Continua a leggere »Abbiamo sentito il padre della sposa giustificare con imbarazzo questa scelta con queste parole durante una chiamata:
"Ehm...faranno...faranno un......come si chiama........un rito anglosassone!"
Il culmine della tensione. Sta arrivando il giorno del matrimonio e orde di nordici colonizzano le vie di Trapani. Tre giorni di festa, di cui il matrimonio è solo il quarto giorno (di cinque giorni) di festa. La celebrazione è stata scritta da noi e nel tempo ci hanno chiesto di farla sembrare un matrimonio civile, con frasi come: "Ho un amico che ha una fascia tricolore, datela al celebrante".
Ma arriva il giorno X e inizia il matrimonio all'aperto.
C'è curiosità su ciò che accadrà, su come sarà la cerimonia, c'è tensione nell'aria tra gli invitati seduti nel patio esterno.
E a rompere la tensione ci pensano loro, i Flower boys: due amici che al suono degli AC/DC a palla lanciano petali tra gli invitati seduti, con movenze semi-sensuali e occhiali da sole che danno un via rock alla cerimonia. La mamma della sposa avrebbe voluto sotterrarsi, se avesse potuto. Ma in realtà ora tutto è in discesa.
La cerimonia. Dopo i Flower boys ancora non c'è il celebrante. Che si fa?
Ma tra i testimoni dello sposo, si distacca il miglior amico e prendendo un microfono in mano annuncia "Ebbene si, sono io il celebrante". Tipo cena col delitto, con l'assassino che si dichiara.
Da questo momento è stato un tripudio di sorrisi, lacrime di felicità, storie mai dette, con un ritmo incalzante per tutti gli invitati, gestito dal celebrante e dagli amici migliori del Mondo, che hanno reso il rito un esempio eclatante di sincerità e amore puro.
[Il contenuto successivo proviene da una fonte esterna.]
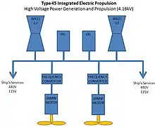 A system which uses both diesel engines and gas turbines to generate electricity for electric motors, where there is no mechanical transmission from either to the propellers, is not classified as CODLAG, but as integrated electric propulsion (IEP) or integrated full electric propulsion (IFEP). Such an arrangement is in use on passenger ships like RMS Queen Mary 2, with a pool of diesel generators for the base load and turbo generators for peak power, and on warships such as the Royal Navy's Type 45 destroyer and the Zumwalt-class destroyer (DDG-1000/DD(X)).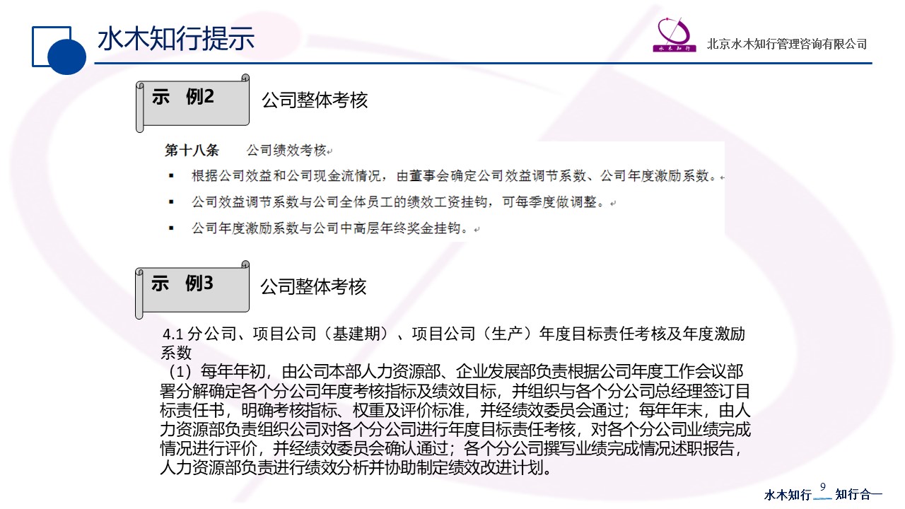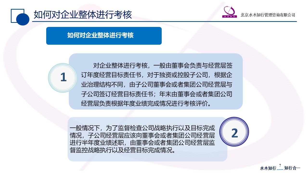 對公司整體進(jìn)行考核,一般由董事會負(fù)責(zé)組織與經(jīng)營層簽訂年度經(jīng)營目標(biāo)責(zé)任書,對于獨(dú)資或控股子公司,根據(jù)企業(yè)治理結(jié)構(gòu)不同,由子公司董事會或者集團(tuán)公司經(jīng)營層與子公司簽訂經(jīng)營目標(biāo)責(zé)任書;年末由董事會或者集團(tuán)公司經(jīng)營層負(fù)責(zé)組織根據(jù)年度業(yè)績完成情況進(jìn)行考核評價。

Per validare il mio ingresso nella famiglia siciliana, nel momento di una possibile ostia, mi hanno portato all'altare un sottobicchiere con impresso il mio nome, che tanto avevo desiderato per avere anche io "un posto a tavola".
E infine, lo scambio degli anelli. Che momento. E che pianti di gioia.
Conclusione. La cerimonia e il ricevimento sono stati un successo. Come al solito si beve, si mangia (benissimo) e così possiamo tornare al 3 Giugno, il giorno dopo il matrimonio, dove i genitori della sposa ci hanno bloccato sull'uscio della porta. E quel momento ce lo siamo goduti, perché dicevo sempre alla sposa "Realizza tutte le tue idee, senza avere paura. Poi vedrai, ne riparliamo il 3 Giugno.".